You ask a friend, who we call *Encoder*, to think of a number $w$ between 1 and 52, that she keeps secret.

You then ask *Encoder* to raise the number $w$ to the power $13$ on her calculator and to give you the number $w^{13}$ explicitly.

You now act as *Decoder*, in that you wish to: **compute the number $w$ Encoder chose from the number $w^{13}$ she gave you.**

You also must achieve this using a **single computation of the form (SC)**: $$x^{y_0}\; {\textrm mod}\; 77 \qquad (SC)$$...where $x$ and $y_0$ are **positive integers** and $y_0\not=13$.

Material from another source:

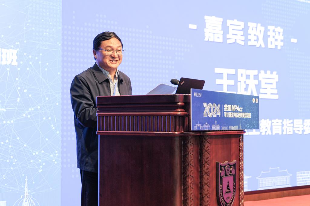 教育部“长江学者奖励计划”特聘教授、全国会计专业学位研究生教育指导委员会委员、南京大学商学院会计学系王跃堂教授致开幕辞。王跃堂教授首先代表会计教指委,向长期以来关心和支持会计专业学位研究生教育的各位领导和老师致以崇高的敬意,向参与本次培训的各位老师表示热烈的欢迎!他提到,今年是MPAcc项目设立的第二十年,也是MPAcc教育发展的第二十年,会计硕士专业学位研究生教育培养规模不断扩大,培养特色日益凸显,品牌建设卓有成效,已成为我国专业学位教育体系的重要组成部分。在多年的持续改革中,形成了以质量保障为核心,以实务导向为重点,以沟通交流为桥梁的MPAcc教育建设体系,有力推动了我国会计专业学位研究生教育事业持续健康发展。最后,王跃堂教授对承办单位表示感谢,同时预祝培训班圆满成功!
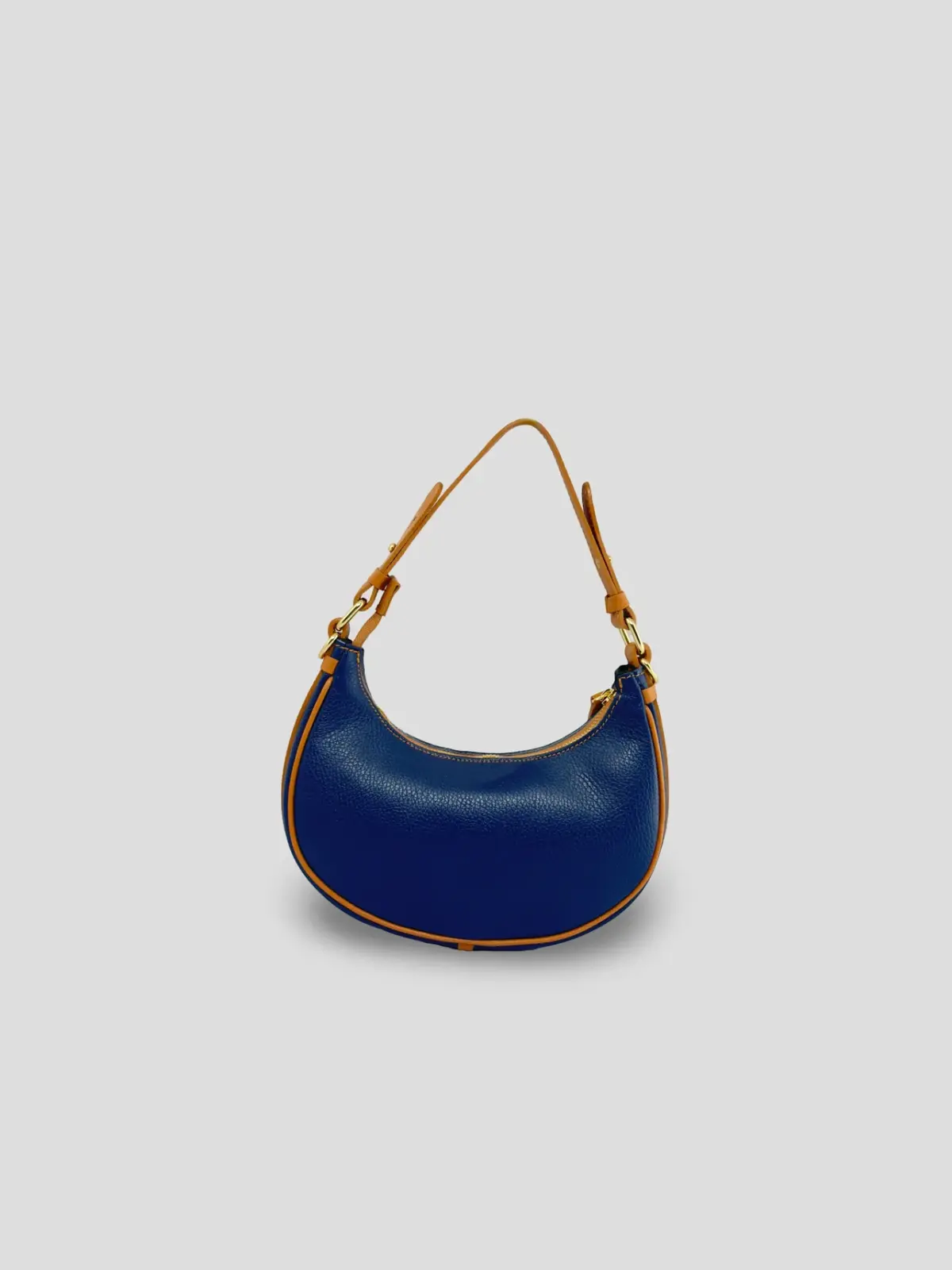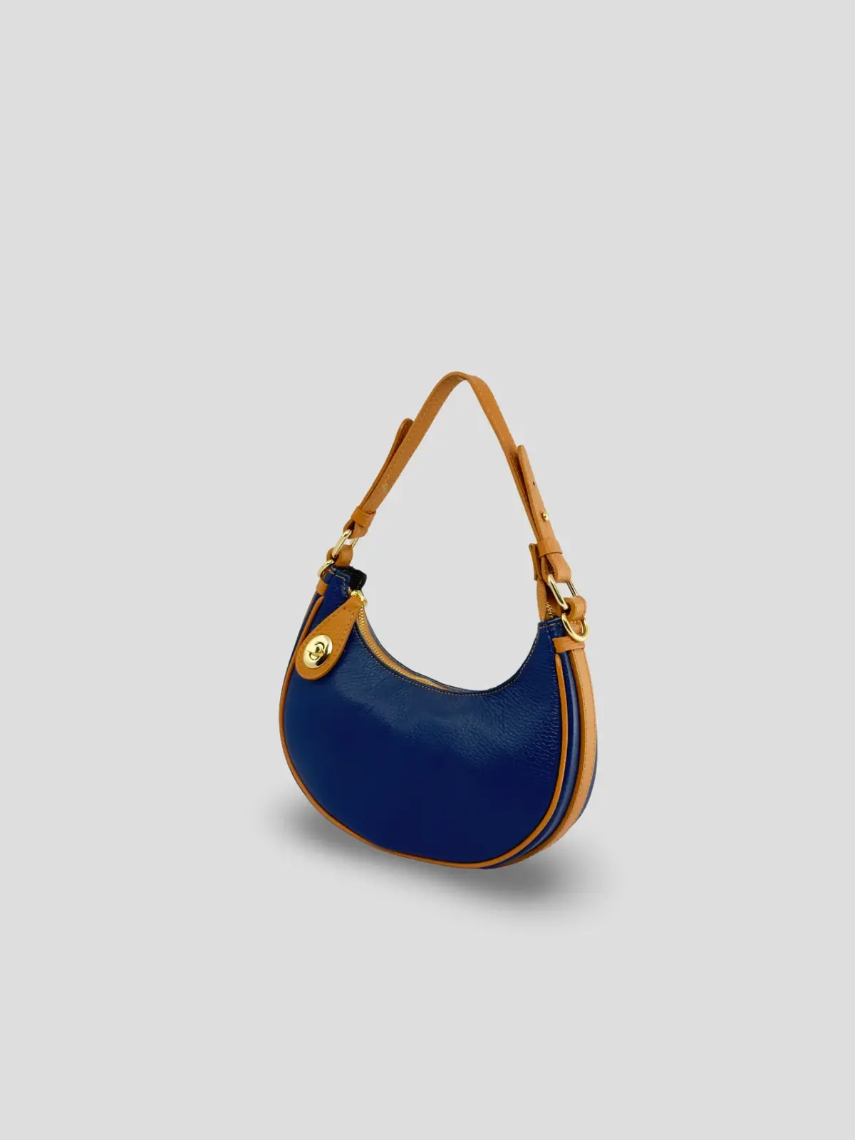 Il manico ampio distribuisce il peso in modo confortevole, mentre la linea curva crea un elemento distintivo che la rende immediatamente riconoscibile. Questa combinazione tra comfort e carattere la distingue dalle borse convenzionali.

In particular, the computation $w=\left({w^{13}}\right)^{1/13}$ on your calculator is **strictly forbidden**. As $y_0\not=13$, you are also **not allowed** to use a calculator to compute $x^{13}$ **repeatedly** so as to generate the list of numbers $1^{13}$, $2^{13}$, $3^{13}$,$\ldots$ until the calculator hits on the number $w^{13}$ given to you.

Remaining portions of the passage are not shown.